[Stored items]
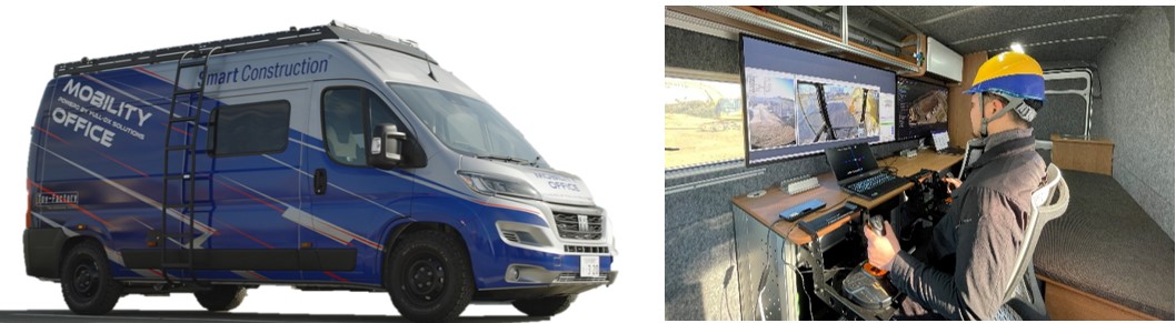 【「Smart Construction Teleoperation - モビリティーオフィス」車両イメージ(左)と内装例(右)】
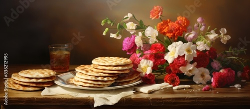 Passover Jewish flatbread displayed on a bright background with copy space image available.
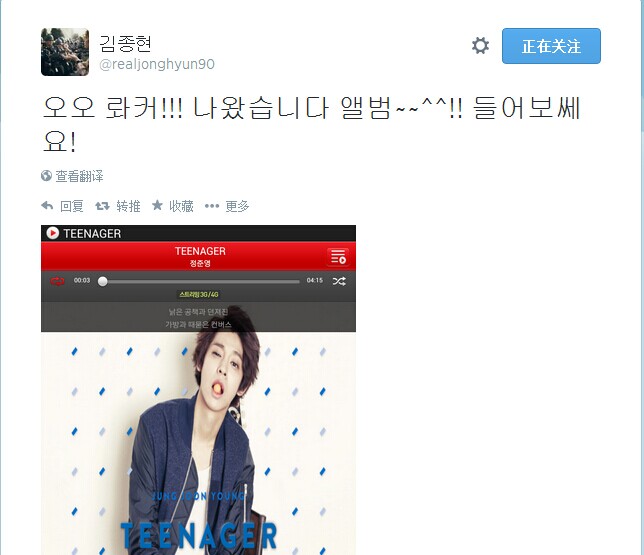 Younha:郑俊英teenager发行~~辛苦啦俊英!!
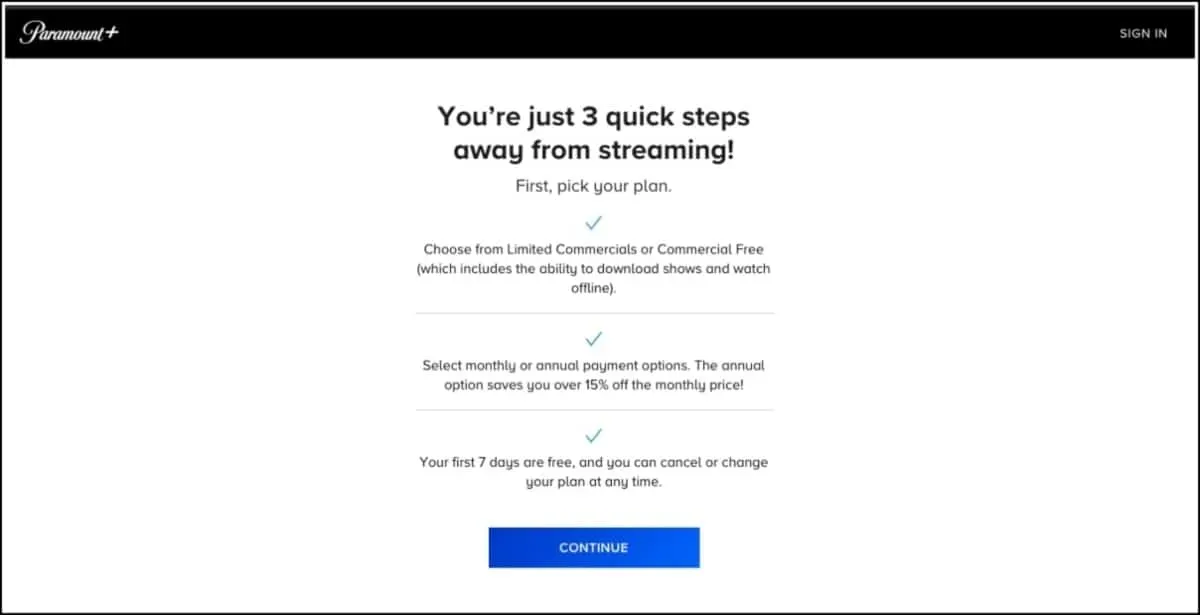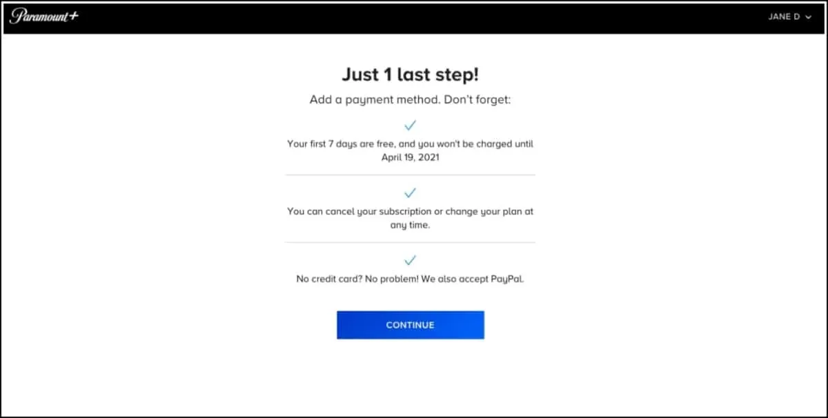 Listed below are the steps to join your 7-day free trial to Paramount+:
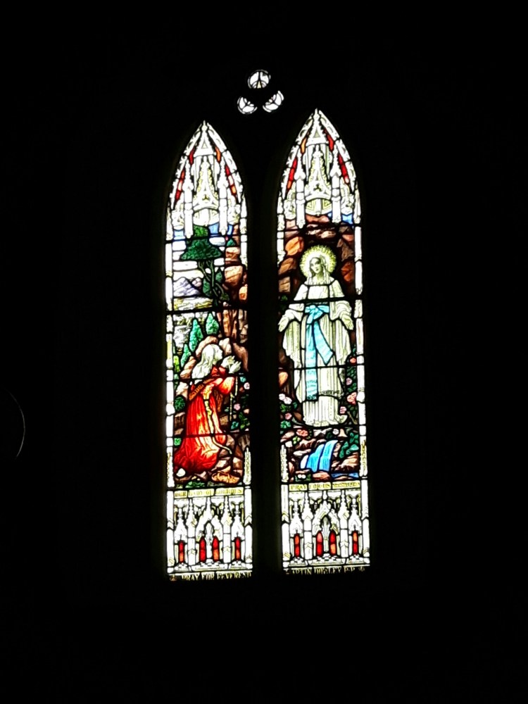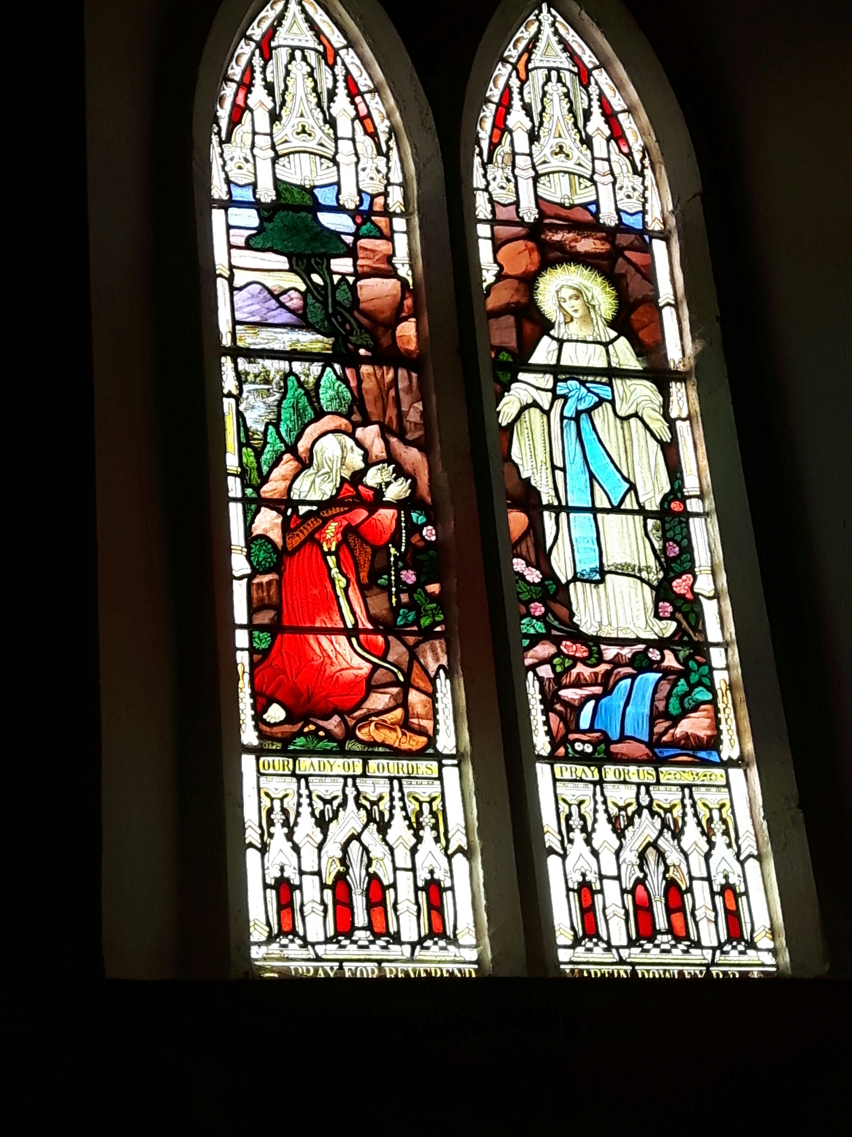 Here is a window showing Our Lady of Lourdes and St Bernadette:

[What to produce] The entries above should be reproduced exactly, without their pictures.

[Answer section]
 【「Smart Construction Teleoperation - モビリティーオフィス」車両イメージ(左)と内装例(右)】
 Passover Jewish flatbread displayed on a bright background with copy space image available.
 Younha:郑俊英teenager发行~~辛苦啦俊英!!
 Listed below are the steps to join your 7-day free trial to Paramount+:
 Here is a window showing Our Lady of Lourdes and St Bernadette:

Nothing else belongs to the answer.